### About this exercise
Print, word for word, every line from the beginning of the listing up to and including the line with "ゆったりまったりリラックマの". Pictures are to be excluded.

━━━ Source material

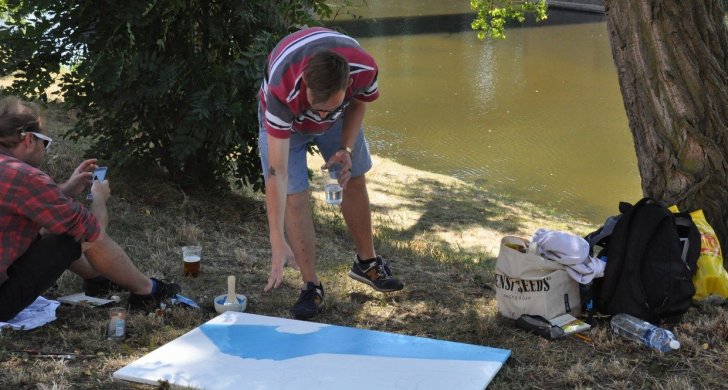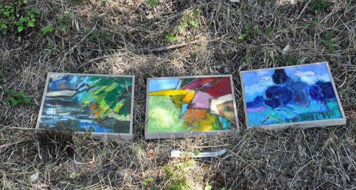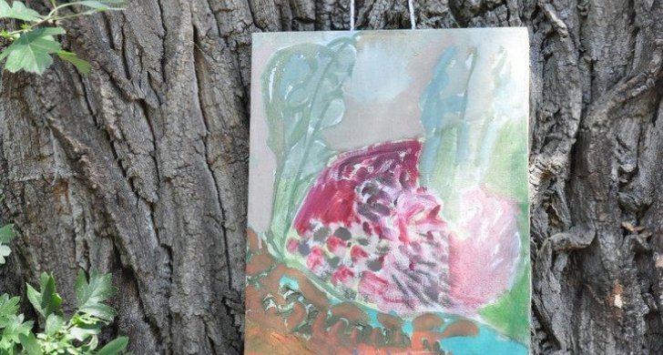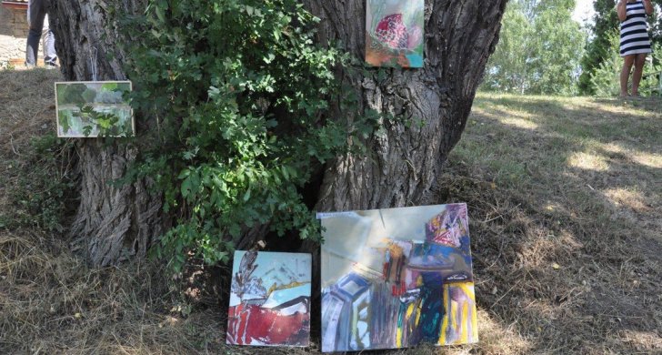 Historická opona akad. malíře Oskara Brázdy spuštěná před začátkem koncertu
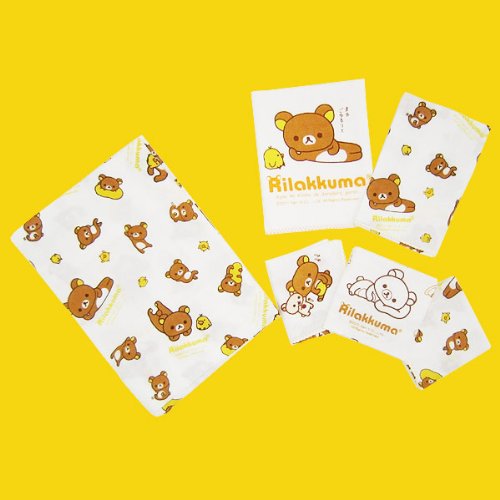 ゆったりまったりリラックマのガーゼセットです。入浴からお風呂あがりまでたっぷり使えます。やわらかな肌ざわりで、お子様にも安心。
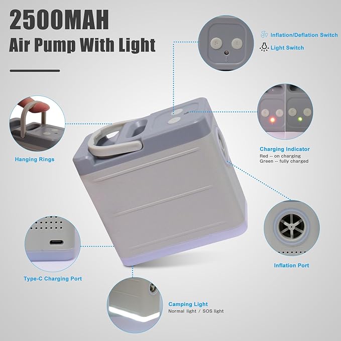 - ใ๐๐ฎ๐ฅ๐ญ๐ข-๐๐ฎ๐ง๐๐ญ๐ข๐จ๐ง๐๐ฅ ๐๐ง๐ญ๐๐ฅ๐ฅ๐ข๐ ๐๐ง๐ญ ๐๐ข๐ซ ๐๐ฎ๐ฆ๐ฉใ-The built-in air pump contains 2*2500mAh high capacity battery, can fill the camping pad in 45S. Pump is rechargeable and detachable. A full charge 3.5 hours can inflate the pad about 7 cycles. The normal light of pump for campsite illumination and the SOS light feature for emergencies. it also has a hook to be attached to the tent. Pls don't run the pump continuously for over 5 mins. Let it cool down before the next use.
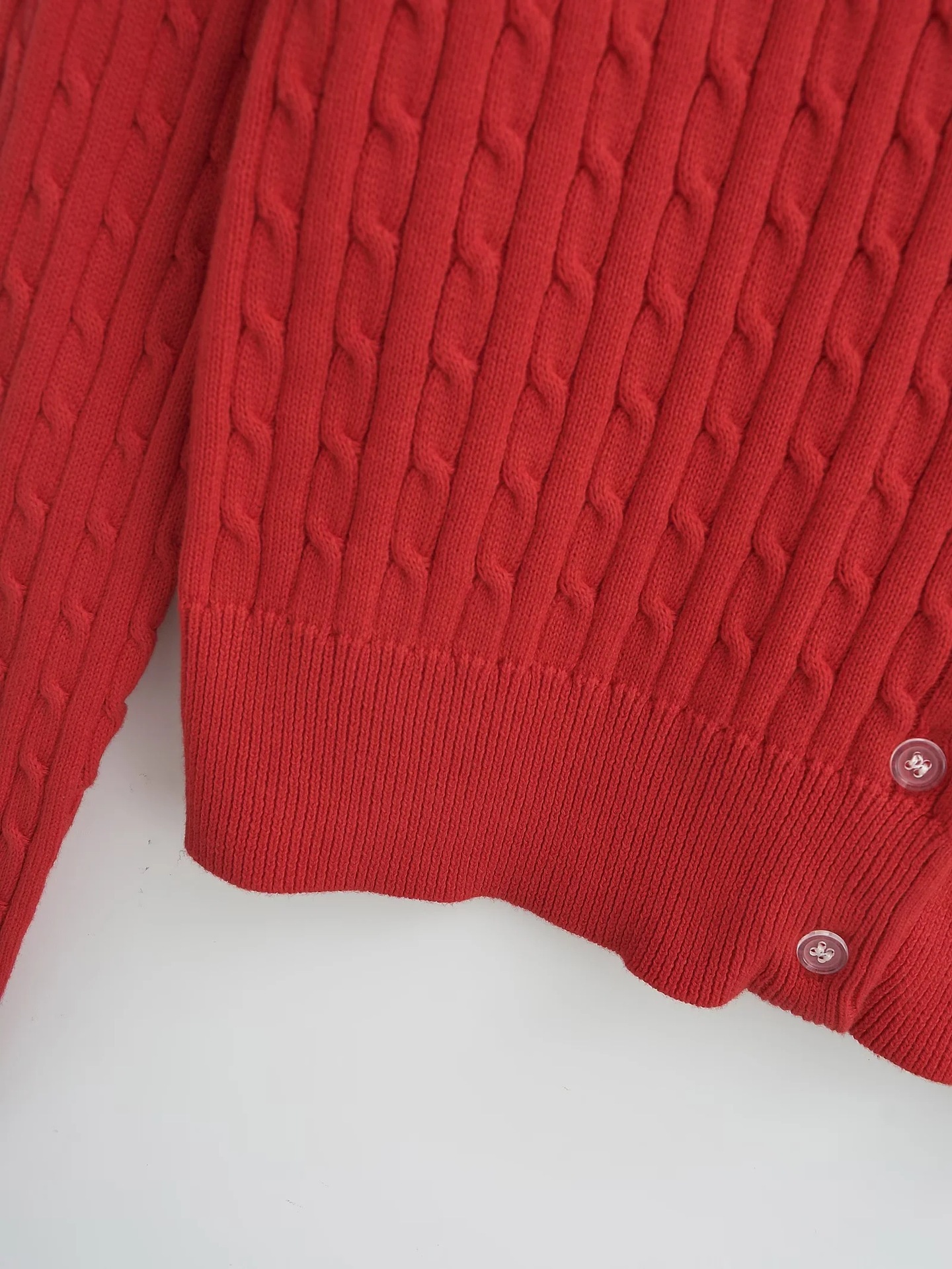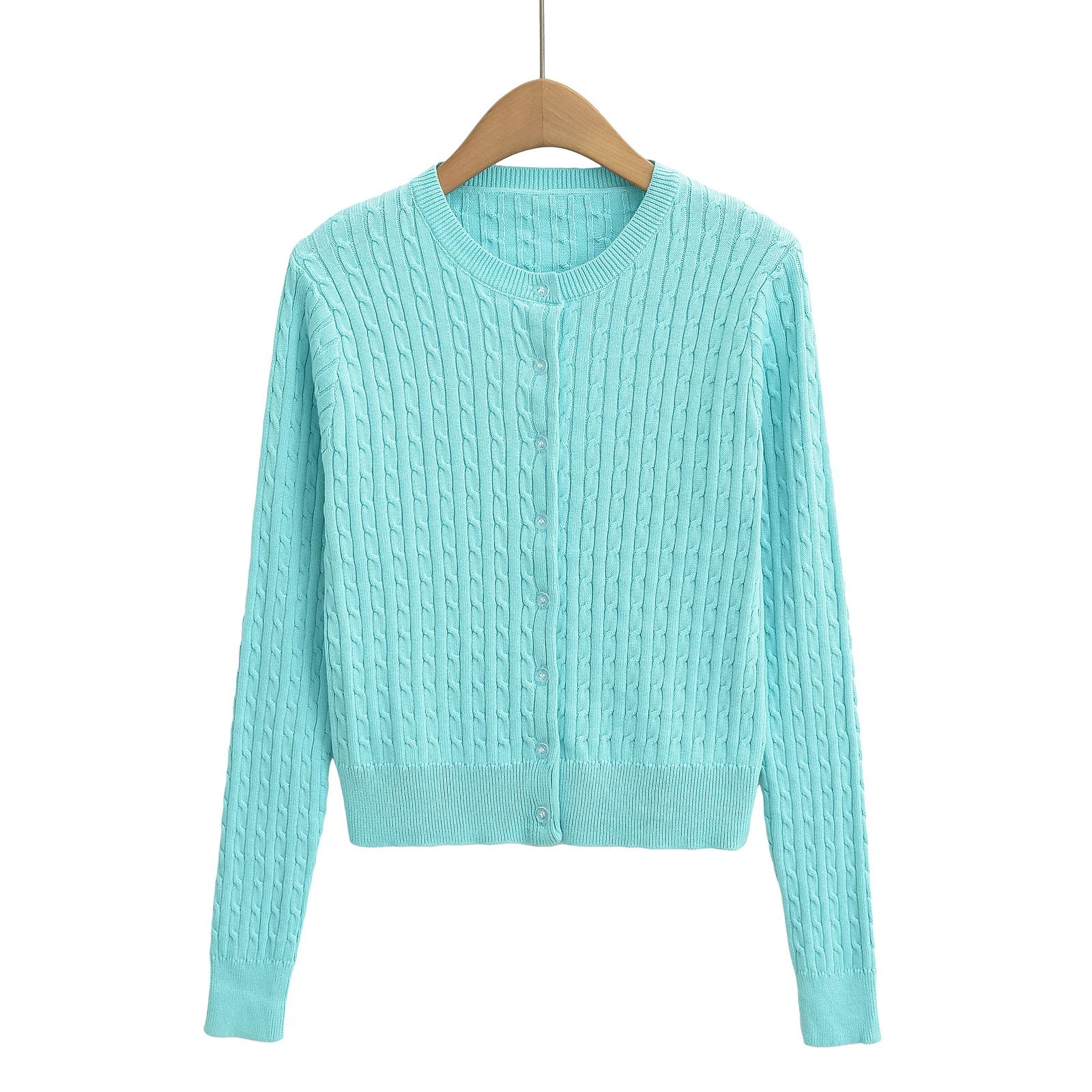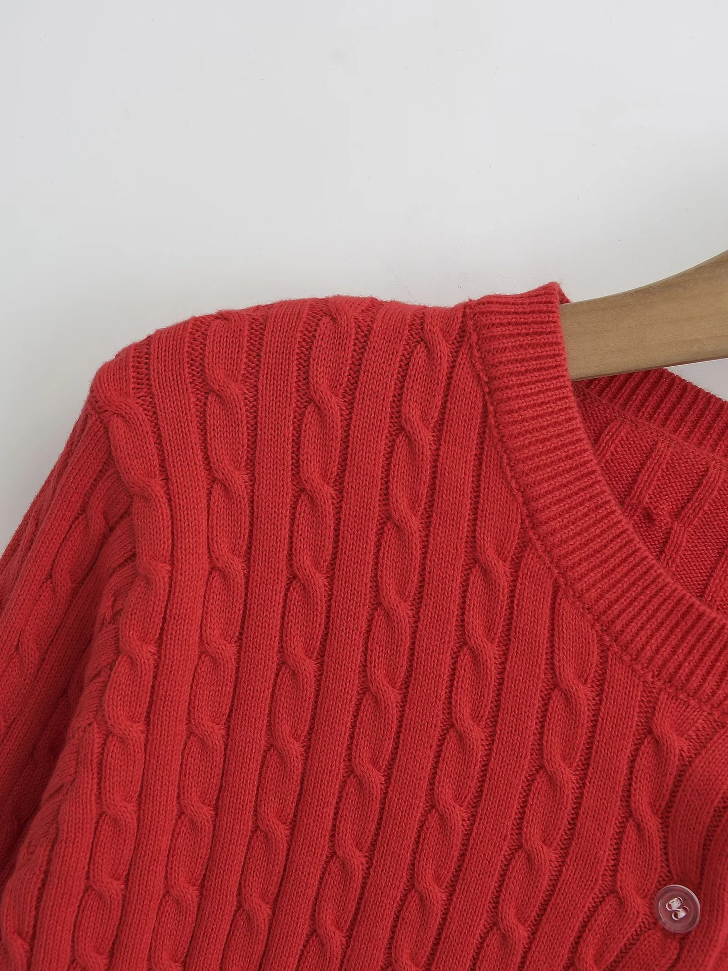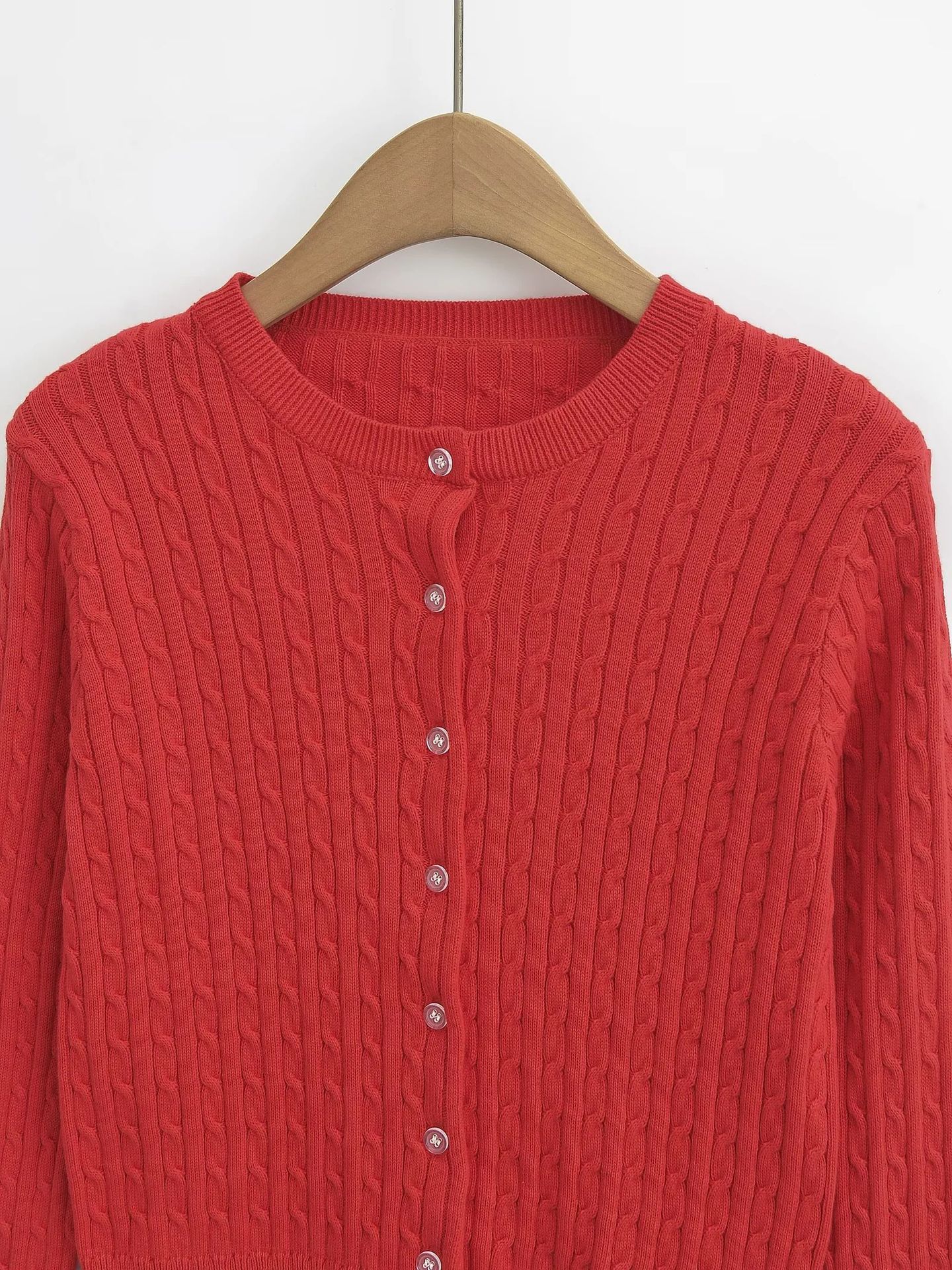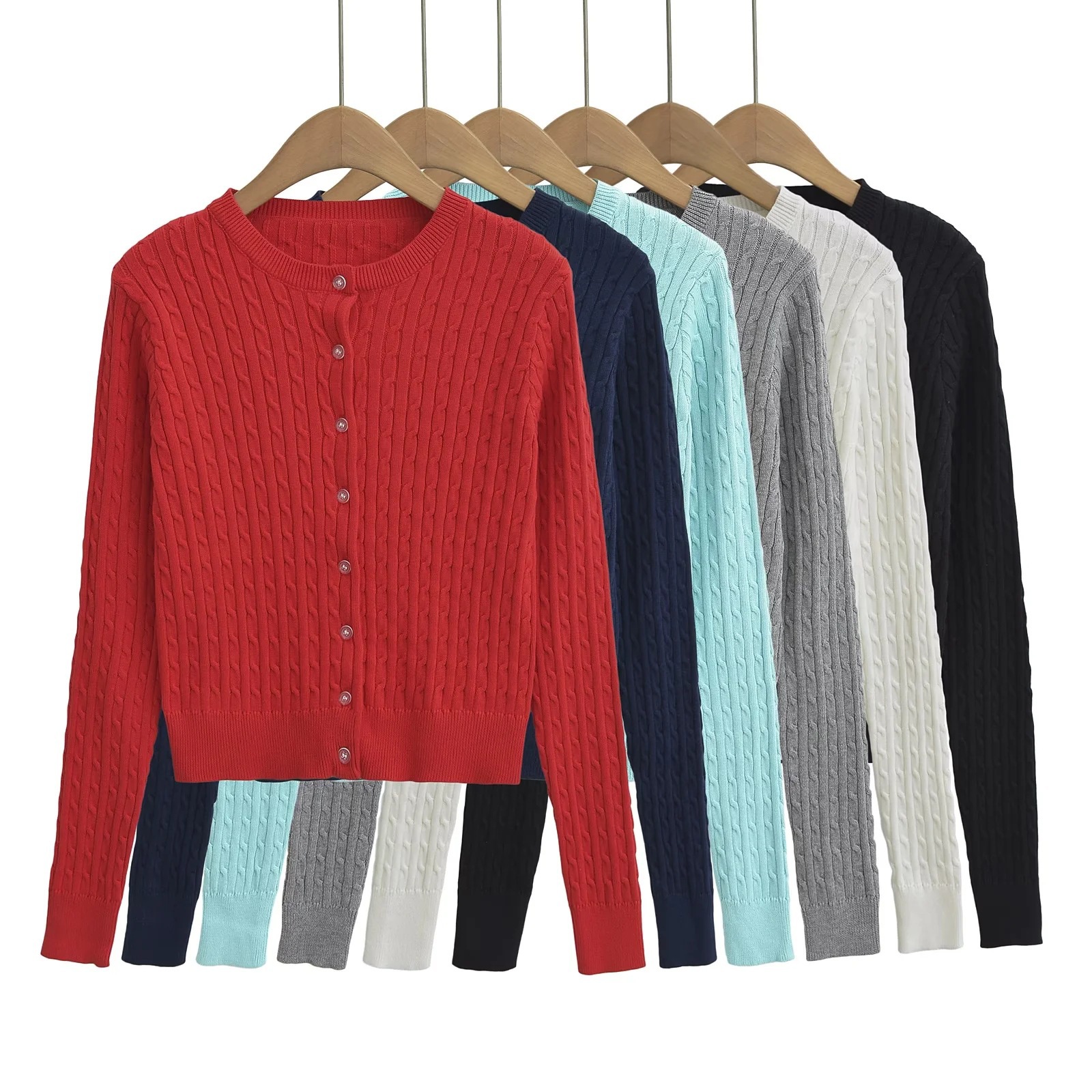 미국 라운드 넥 트위스트 스웨터 니트 카디건 재킷 여성 가을 새로운 슬림 핏 아우터 짧은 긴팔 탑스토어 가기
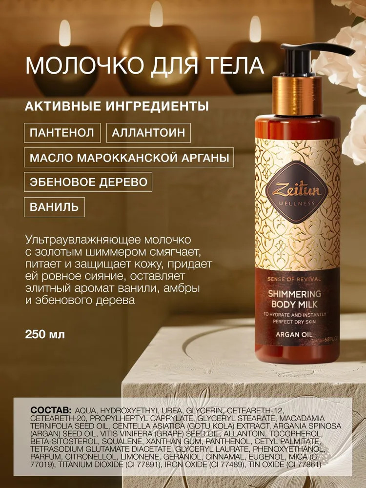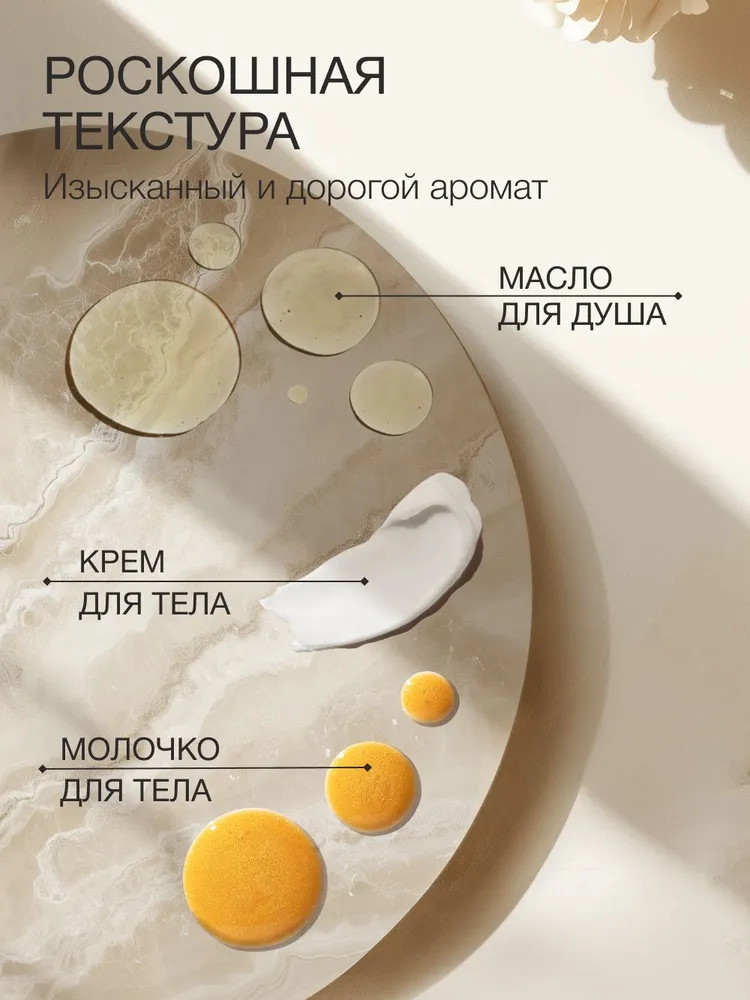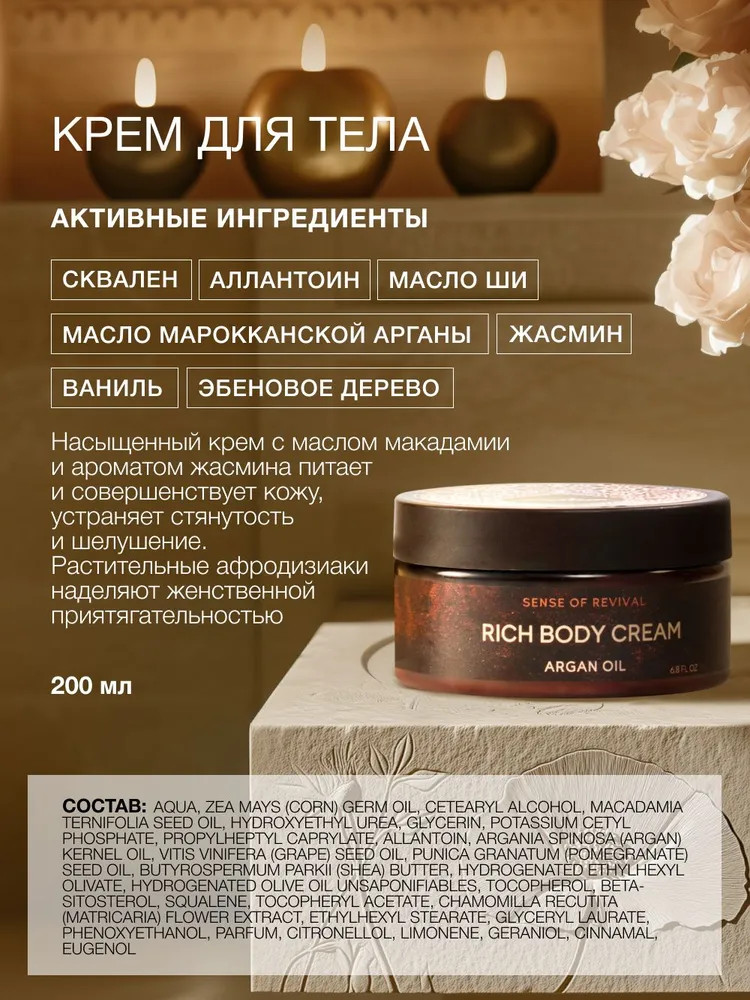 Крем для тела: Aqua, Zea Mays (Corn) Germ Oil, Cetearyl Alcohol, Macadamia Ternifolia Seed Oil, Hydroxyethyl Urea, Glycerin, Potassium Cetyl Phosphate, Propylheptyl Caprylate, Allantoin, Argania Spinosa (Argan) Kernel Oil, Vitis Vinifera (Grape) Seed Oil, Punica Granatum (Pomegranate) Seed Oil, Butyrospermum Parkii (Shea) Butter, Hydrogenated Ethylhexyl Olivate, Hydrogenated Olive Oil Unsaponifiables, Tocopherol, Beta-Sitosterol, Squalene, Tocopheryl Acetate, Chamomilla Recutita (Matricaria) Flower Extract, Ethylhexyl Stearate, Glyceryl Laurate, Phenoxyethanol, Parfum, Citronellol, Limonene, Geraniol, Cinnamal, Eugenol.
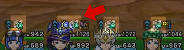 | ※自身が戦闘不能や「ふきとばし」等で離脱していた場合、ターン延長や段階の上昇は発動しない。 ※馬車で入れ替えしていた場合、発動しない。 ※「モシャス」使用時、追加で発動しない。 ※テンションや竜気などの段階は上がらない。 ※2段階→3段階には 限界突破の事前付与が必要 |

━━━━━━

### Finished task
 Historická opona akad. malíře Oskara Brázdy spuštěná před začátkem koncertu
 ゆったりまったりリラックマのガーゼセットです。入浴からお風呂あがりまでたっぷり使えます。やわらかな肌ざわりで、お子様にも安心。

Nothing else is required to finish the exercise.